Aurther & Sheffin (2003) defines human capital as a stock competences, knowledge and
personality attributes embodied in the ability to perform labor. It is the attributes gained by a
worker through education and experience, so as to produce economic value.

Smith, Adam (1776), in his book “An Inquiry into the Nature and Causes of Wealth of Nations”,
describes human capital as the acquired and useful abilities of all inhabitants and members of
the society. It always costs a real expense, which is a capital fixed in the person.
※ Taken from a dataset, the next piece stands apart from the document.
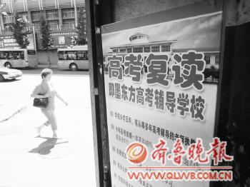 调查>> 未被理想学校录取,复读生多是高分落榜生 记者了解到,尽管复读生总体人数减少,但参加补习的多半都过了二本线,个别甚至达到600分以上。 张志刚说,报名复读学校主要有几类学生,一部分是填报志愿掉空里了,还有一部分学生被大学录取后,开学后觉得大学的环境不理想就申请退学,选择复读。 “600分以上的复读生很多是因为填志愿没填好,不想去一般的学校。”青岛天山实验中学(青岛58中分校)校长张民说。天山实验中学是市区一所接收复读生的民办学校。最近5年来,这所学校成了不想出远门复读考生的首选学校之一。据介绍,今年该校两个复读班招生人数近70人。其中,600分以上的有三四个,最高的理科复读生,高考分达630分。“在二本线上的就更多了。”张民说,今年有不少家长得知公办学校要在8月撤出,今后到哪儿都是民办,这使得一些家长倾向选择市区的民办补习学校。 张民称,学校招收的复读生一般都在450分以上。如果碰到高考成绩在400分以下的考生,他们会尽量劝说考生选择一所不错的专科或高职院校,而不要选择复读这条路。因为400分复读,提升的空间不是很大。 问题>> 民校打“公办老师”旗号招生 教育局称属违规 随着近年来复读生生源减少,公办补习学校完全撤出并没有给民办补习学校带来春天。不少民办学生为争夺生源,还打着公办重点高中老师教书的旗号。 胶南此前曾有两所公办高考补习学校,分别是胶南第一、第二补习学校,其中胶南第一补习学校在2010年把教学点搬到了青岛明天中学,更名为胶南市高考补习学校,民营性质。4日下午,记者以应届高中毕业生的身份致电胶南市高考补习学校。该校工作人员称,现在还可以报名,教课老师是胶南当地优秀的公办学校的老师。 民办补习学校有公办学校老师教课?4日下午,市教育局基教处相关负责人回应,这是绝对不允许的,属于违规。这位负责人说,其实公办补习学校已经完全撤出来了,民办学校或许是为了招生而打这个旗号。 这位负责人介绍,公办补习学校的撤出是有一个过程的。过去几年青岛每年选择复读的高考生人数都不少,为满足需求,社会上建立了大量专门针对高考补习的民办机构。2008年以前,岛城大量的复读生选择到郊区高中复读。2008年公办高中复读禁令下达后,市教育局公布了32家有招收复读生资格的学校名单,其中,22家属于社会民办培训机构,10家属于由各区教体局利用闲置教室和师资所举办的公办复读学校。 “市场上现在还有一部分复读的需求,但这部分需求由民办学校来满足即可。”基教处负责人说,现在公办补习高中已经实质由民办接管,公办教师和资源都不允许参与民办补习学校。若违反规定,相关部门要查处。

Structural capital is the supportive infrastructure that enables the rest of an organization to
function in a repeatable, scalable way. It is owned by an organization and remains with an
organization even when people leave. Structural capital includes processes, data, systems,
designs, and knowledge. (Jones, 2013)

Relational capital is one of the three primary components of intellectual capital, and is the value
inherent in a company’s relationships with its customers, vendors, and other important
constituencies. The idea behind the concept of intellectual capital is to emphasize the
importance of those intangible assets for the success of the company beyond key financial
performance measures. This is becoming increasingly important in knowledge driven
businesses. In literature there exist several definitions to Relational Capital. One definition is the
following:

“Relational Capital is a sub category of intellectual capital focusing on the intangible value
present in the relations an organization has with business partners and other external parties
that contribute to fulfill the company’s needs, and also includes elements like corporate
reputation and customer potential. RC represents the value of capability of a company to
interact with the outside world and all stakeholders.”
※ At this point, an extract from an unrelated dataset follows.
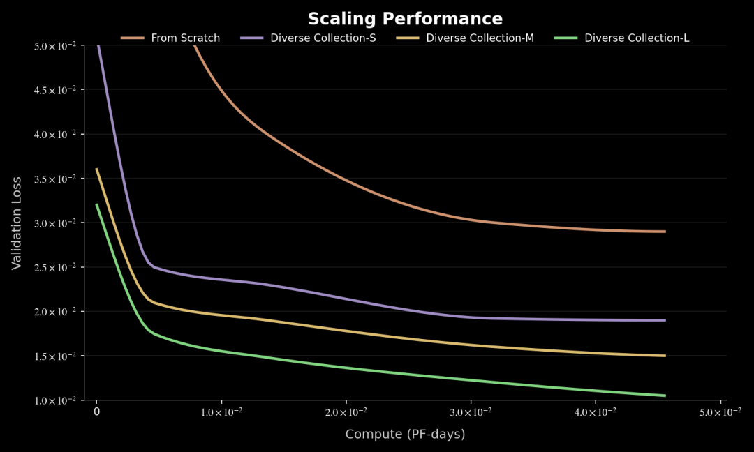 进一步扩大多样化数据规模后,模型的验证误差仍在持续下降,并未出现明显的早期饱和现象。

Intellectual capital represents “an asset that has no physical form, but creates value for the
company” (Bontis, Keow, & Richardson, 2000). Intellectual Capital or IC achieves the impact on
company operations through its components: human capital (HC), structural capital (SC) and
relational capital (RC). Thus, survival in market competition and long-term development of hotel
companies is ensured by constant investment in IC components and their efficient use. Service
companies are becoming more productive in developed industrial countries. As a consequence,
it can be said that we live in an economy based on services (Kianto, Hurmelinna-Laukkanen,&
Ritala, 2010). Hotel Management is one of these service industries, and it is one of the highly
profitable service industries in developed economies. The development of Hotel industry is
based on different types of knowledge – that of consumers’ needs, the ways of creating
services and methods of their differentiation. (Jones, 2013)
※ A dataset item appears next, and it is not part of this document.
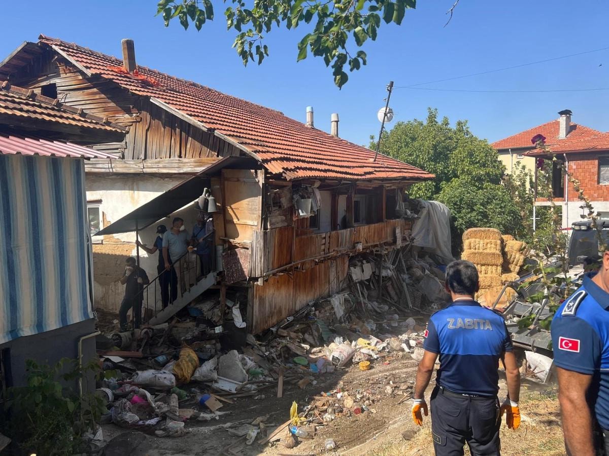 Olay yerine gelen temizlik işleri, fen işleri ve zabıta ekipleri, evde biriken saman balyası, sanayi ve mobilya atıkları ile çeşitli metal parçalarından oluşan çöpleri tahliye ederek toplam 20 kamyon çöp çıkardı.

Since knowledge is the main component of both HC and itellectual capital, intellectual property
in hotel industry becomes more important than tangible assets. This is supported by the fact
that hotel management is a labor intensive industry and that performance largely depends on
the employees’ knowledge and skills. The other two IC components, SC and RC, which support
the operation of HC, also participate in the process of service design. In this way, the
consumers’ perception of the value and their choice are highly ifluenced by the knowledge and
skills of employees (whose work is supported by intangible infrastructure), cooperation with
consumers and the built brand, which makes the role of intellectual property in service creation
of utmost importance. Therefore, hotel managers, in addition to preparing and monitoring
financial statements, are also obliged to measure and report on the value of IC and its impact
on the increase in companies’ performance (Laing, Dunn, & Hughes-Lucas, 2010).